Вечером она в назначенное время заехала за Марго, и они действительно опоздали всего лишь… на сорок пять минут. Лорис их уже ждал. Это был высокий, импозантный мужчина со строгими, почти аскетичными чертами лица, богатой, рано поседевшей шевелюрой. Ангелина находила его манеры приятными и их обладателя симпатичным. Марго же никак не желала отказываться от первого впечатления и упорно называла Флориана «постной рожей». Такие надменные и пафосные лица всегда выводили ее из себя. Не говоря уж про американизированную, во все тридцать два с половиной импланта, улыбку.

– Рад, что вы все-таки приехали! – тем временем он сделал упор на «все-таки», и Ангелине сразу почему-то захотелось оправдаться.

– Если бы вы знали, каких жертв нам стоило вырваться! – не дала ему преимущества Марго. И с удовольствием отметила как по команде исчезнувшую улыбку и кислое выражение, ее сменившее. «Тебе-то я как раз не по зубам, мой милый друг!» – явно не без злорадства пронеслось в ее голове.

Маститый ученый еле заметно пожал плечами. Огромный зал был заполнен народом. То там, то сям мелькали вспышки фотоаппаратов, несколько пробравшихся неизвестно каким способом зевак толкали друг друга локтями, указывая то на одних, то на других знаменитостей, осчастлививших собрание собственным присутствием.

– Ваш фонд пользуется успехом, – заметила Марго.

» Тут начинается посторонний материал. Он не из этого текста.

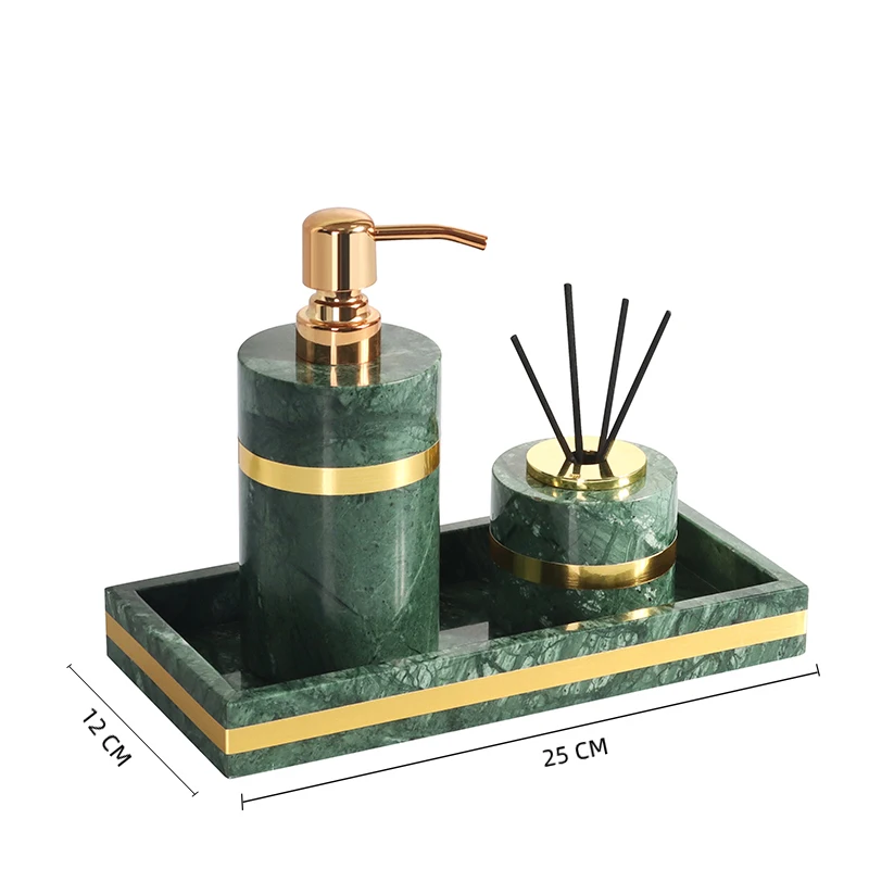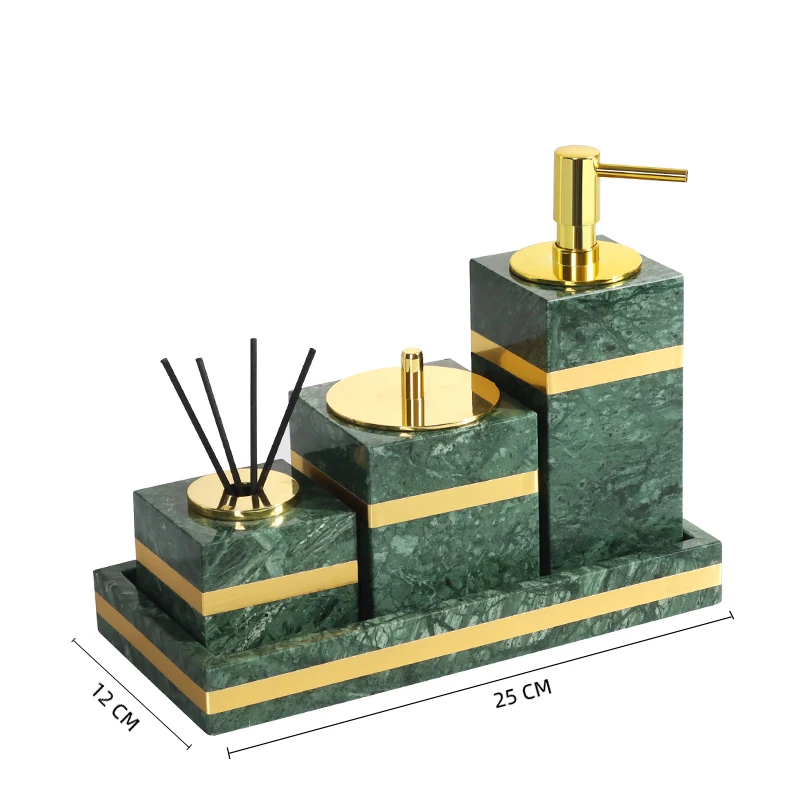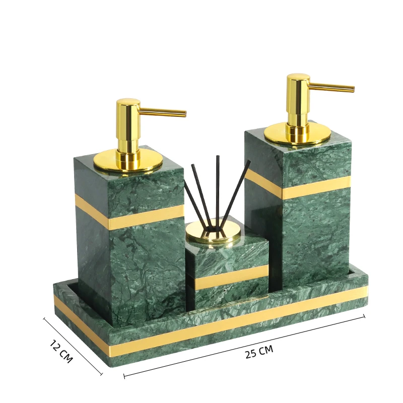 Indian Green Natural Marble Bathroom Accessories Luxury Gold Soap Dispenser...

– Любому человеку интересна разгадка тайн собственного мозга и его сверхъестественных свойств, – важным тоном начал Лорис, – а тем более, если ему обещано увеличить эти самые способности в несколько раз.

– Даже если они нулевые, – с непонятным подтекстом произнесла Марго.

– В каком это смысле? – напрягся руководитель фонда.

– А в том, что ноль, увеличенный в несколько раз, остается нолем, – заявила парижанка и подняла на Лориса совершенно невинный взгляд.

С узких губ ученого почти готова была сорваться язвительная реплика. Но огромным усилием воли «постная рожа» сдержал вполне понятный порыв заткнуть рот такой невоспитанной особе, которой оказалась лучшая подруга его благотворительницы. Марго же без всякого намека на угрызения совести с удовольствием наблюдала за усилиями, которые прикладывал Лорис, чтобы не послать ее ко всем чертям. Демонстрируя чудеса самообладания, ученый подвел дам к трибуне и, извинившись, оставил одних.

– Ты что, с ума спрыгнула! Что он тебе сделал? – ткнула Ангелина в бок Марго так, что та даже вскрикнула.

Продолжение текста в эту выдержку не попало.